Another thing that makes me sad is how coddled today's kids are. When I was the same age my older son is now, I had a large number of friends in the neighborhood, and would dash off to any one of their houses after school, or on weekends without an invitation. If they weren't home, I'd move on to the next one until I found someone who could play. These days it has to be organized between the parents. Kids don't run off down the street alone. On the plus side, at least I always know where my kids are, something my parents would not have, but I feel like they're missing out on something. Parents shouldn't know everything their kids are up to.

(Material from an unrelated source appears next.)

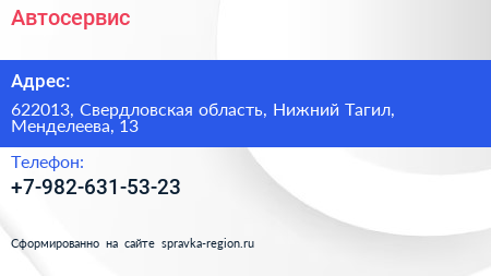 Автосервис по адресу 622013, Свердловская область, Нижний Тагил, Менделеева, 13 в дальнейшем Организация, размещена в следующих категориях:
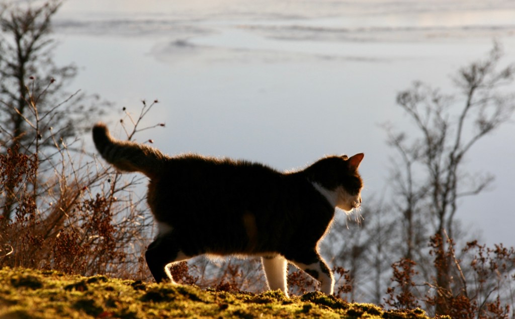 Igår, då hade jag sällskap av katten, inte dumt det heller..

At school, a huge number of kids are dropped off by their parents in cars. Even those who walk are walked by their parents. We always walked alone. My mother walked me on my first day to show me the way, then after that, I always walked alone, or with the other neighborhood kids who were heading the same way. I know the world is a more dangerous place these days, and the roads are busier, but if your child only has to walk a few yards down the street to reach the school gate, do you really have to go with them? Some of my mother friends were horrified when I started letting E walk on his own from the bus stop. On the days I work early and have to get O to daycare, I walk E as far as the bus stop where I catch the bus. From there he has less than a block to walk to get to school, and the only big road he needs to cross is patrolled by the school crossing guards. Am I risking my child's life by allowing him to walk this short distance alone? I don't think so. He's always made it.

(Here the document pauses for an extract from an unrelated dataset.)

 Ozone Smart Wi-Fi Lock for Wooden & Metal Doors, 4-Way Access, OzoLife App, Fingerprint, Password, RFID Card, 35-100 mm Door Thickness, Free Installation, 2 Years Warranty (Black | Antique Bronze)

I feel as though children are being babied for longer these days, yet at the same time, are being marketed to so ruthlessly that they are forced to grow up faster than we did. It's a strange dichotomy, and one I wish did not exist. Childhood should be a time of freedom and wonder, not something to be exploited with plastic tie-ins from bad television shows. We should be able to let our kids play outside together without supervising their every move. How can we expect these little people to grow up into independent, forward thinking adults if we never allow them to be independent or to make the mistakes that will teach them to think things through in the future? I don't have the answers. If I did, I'd probably be a millionaire.